Coining a name is not nearly as easy as one might think.  One colleague of mine, a partner at a Boston-area IP firm, says her most fruitful name-coining efforts begin by picking word fragments from two different branches of human language and splicing them together.  Her first language is Russian, and so she picks a word stem from a Russian word and a word stem from English or Latin, and smashes them together, and then tests the resulting string of letters against the ten conditions mentioned above.

What factors do you urge clients to consider when picking a new name for a company or product or service?  Did I overlook a factor that you think is important?

9 thoughts on “Picking a new trademark

  1. A very helpful post. Broadway shows are generally produced by an entity created specifically for that show. Often that entity is named (by producers who will not need to use the legal name of the entity constantly) something like The Very Long Title of the Show Broadway Company LLC, because the redundant “Company” in the name was just what we needed. Some of these company names are so long that they have too many characters to be printed on standard checks for the new bank account. The practical advantages of a simpler legal name are rarely considered because it is the name of the show, not the name of the entity, that is advertised. The fact that the long legal name will be a nuisance whenever it needs to be used is usually given no thought by the people who choose the name.

  2. The problem I face is clients that have already chosen a mark, developed marketing materials, and put into use their “dear” mark. Registration is an unfortunate afterthought. End result is often a frustrated attorney and an unhappy client.

  3. I understand firsthand why your list is so exhaustive.
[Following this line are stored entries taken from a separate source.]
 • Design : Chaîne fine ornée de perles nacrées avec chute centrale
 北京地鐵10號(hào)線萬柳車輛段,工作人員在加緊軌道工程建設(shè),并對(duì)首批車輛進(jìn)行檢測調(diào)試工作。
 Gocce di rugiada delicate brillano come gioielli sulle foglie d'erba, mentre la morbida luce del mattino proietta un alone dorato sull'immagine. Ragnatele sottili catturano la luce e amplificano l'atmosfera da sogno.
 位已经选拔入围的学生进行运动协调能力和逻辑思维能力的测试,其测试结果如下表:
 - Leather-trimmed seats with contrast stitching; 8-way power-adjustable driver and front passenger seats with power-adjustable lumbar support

However, it’s also way too lawyerly and impractical. For example, like most companies and law firms, your firm’s name (Oppedahl Patent Law Firm) violates several of the factors of this list.

  4. I suggest picking a name that uses dictionary words, preferably an arbitrary word and a descriptive word, or just one arbitrary word. Google predictive search makes coined words difficult to enter in universal URL bars.
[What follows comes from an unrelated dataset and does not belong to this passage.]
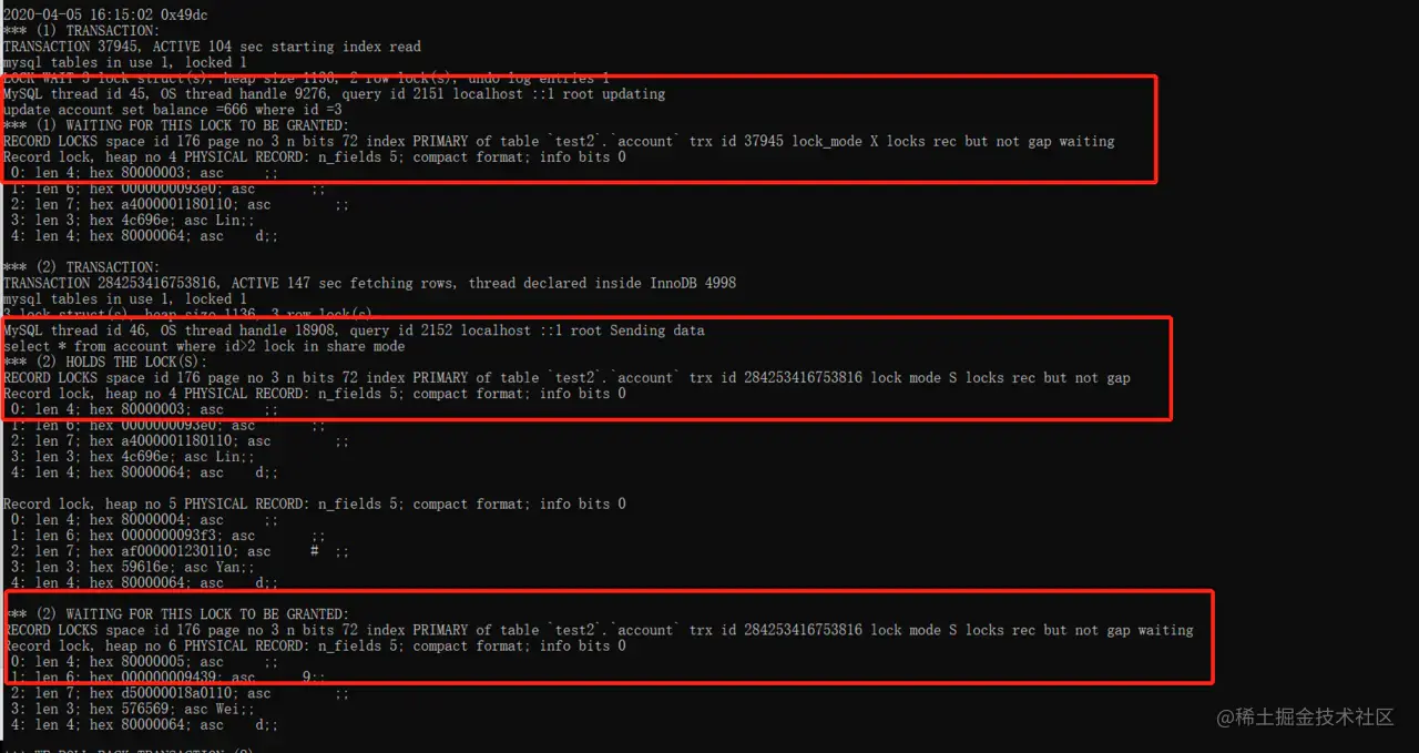 记录锁的事务数据(关键词:lock_mode X locks rec but not gap),记录如下:

    Brand names should be less than 10 characters long, easy to spell and have matching domain names available for .ca and .com. Use domain name drop lists at GoDaddy or http://tbr.cira.ca/ for inspiration, then do a trademark search after picking some names. Good domain names are literally gone in seconds once they are released.

  5. I’m a big fan of arbitrary marks, too, because the client may adopt a familiar word or phrase that is not descriptive of the client’s goods/services. I love Apple as a mark for computer software and hardware; Red Hat as a mark for open source solutions; etc.

    Great summary, Carl. Thanks for sharing.

    • Hi Tom, as a trademark attorney, you are understandably a “big fan of arbitrary marks.”

      But do you have any idea how much time and money it takes to successfully grow and “brand” an arbitrary mark? You should find out before advising businesses to adopt arbitrary marks.

      For a national or international company, it’s easily tens of millions of dollars and many, many years. But about 99% of startups are small and self-financed by credit cards, family and/or friends. So “arbitrary marks” are a practical choice for only about 1% of businesses.

      Plus Apple started off as Apple Computer, Inc., and Red Hat started off as Red Hat Software.

      And like most law firms, your firm’s name is surname-based (Hinckley, Allen & Snyder LLP). And as you know, surname trademarks are some of the most difficult to get, protect, market, etc. Plus because law firm partners come and go, your firm like many others has had to change its name several times over the years, and probably does little if any policing of its trademark against other lawyers or law firms that also use the surnames Hinckley, Allen or Snyder for “legal services.”

      Hope this comment from a non-attorney business person is helpful!